Of course, with resources all over the internet, this may not be entirely necessary. I’ve rehearsed a choir unfamiliar with chant for a mass on the feast of Christ the King using the resources on Watershed, and that has worked well. Geography need not be a limiting factor these days.

The other major issues are funding and recruitment. Any choir that fails to continually recruit will eventually wither, especially if the model you are following is to book in for certain events. You may have to ask for certain levels of commitment in order for it to work initially, but as the choir grows organically you can rely on your regulars who turn up all the time as well as those who can’t be at all places you sing at. Universities can be good recruiting grounds, especially as many academics are also budding musicians, not just the student body! Don’t be afraid to contact local choirs, many people sing in more than one choir and as long as you don’t deprive other choirs of their singers at key dates they are usually more than happy to help you recruit, providing you help them out when asked. As you grow, so will the potential for funding. Most choirs will charge small fees to cover admin costs. You may also need to decide if, and when to “vest” and whether your singers will invest in buying their own cassock and if you have the resources to subsidise this, though a vested choir is more likely to be invited to sing at acts of public worship than an unvested one.

The other thing you will need is a recording. This is cheap and easy to achieve and it gives a Director of Music at a church considering your offer to sing the opportunity to judge your standards. Once you have a reputation for a particular repertoire and standard then repeat invitations should be easy to come by, but a recording will often be the substitute for an audition. It would also help to be affiliated to a musical body such as the Royal School of Church Music and its international equivalents.

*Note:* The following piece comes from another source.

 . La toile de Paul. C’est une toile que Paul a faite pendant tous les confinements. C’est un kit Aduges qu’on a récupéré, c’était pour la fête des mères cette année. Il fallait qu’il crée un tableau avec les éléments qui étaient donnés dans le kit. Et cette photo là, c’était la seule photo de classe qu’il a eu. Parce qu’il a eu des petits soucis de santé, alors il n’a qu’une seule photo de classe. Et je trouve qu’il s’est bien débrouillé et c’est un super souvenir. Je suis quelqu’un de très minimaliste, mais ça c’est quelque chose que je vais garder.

What I’m hoping to achieve by sharing this is to encourage anyone who feels the same frustrations I have about the lack of supply to meet the choral demand to perhaps consider entering the market. What’s really changed in the past 5 years or so is the level of freely available resources that enables this kind of ad hoc choir to function. If the willingness is there, and the enthusiasm, then eventually even those places that have not warmed to the notion of chant, polyphony, and psalmody resounding from their quires and galleries in recent years may find it hard to say no to the occasional visit from your deputising choir and who knows what will grow from there?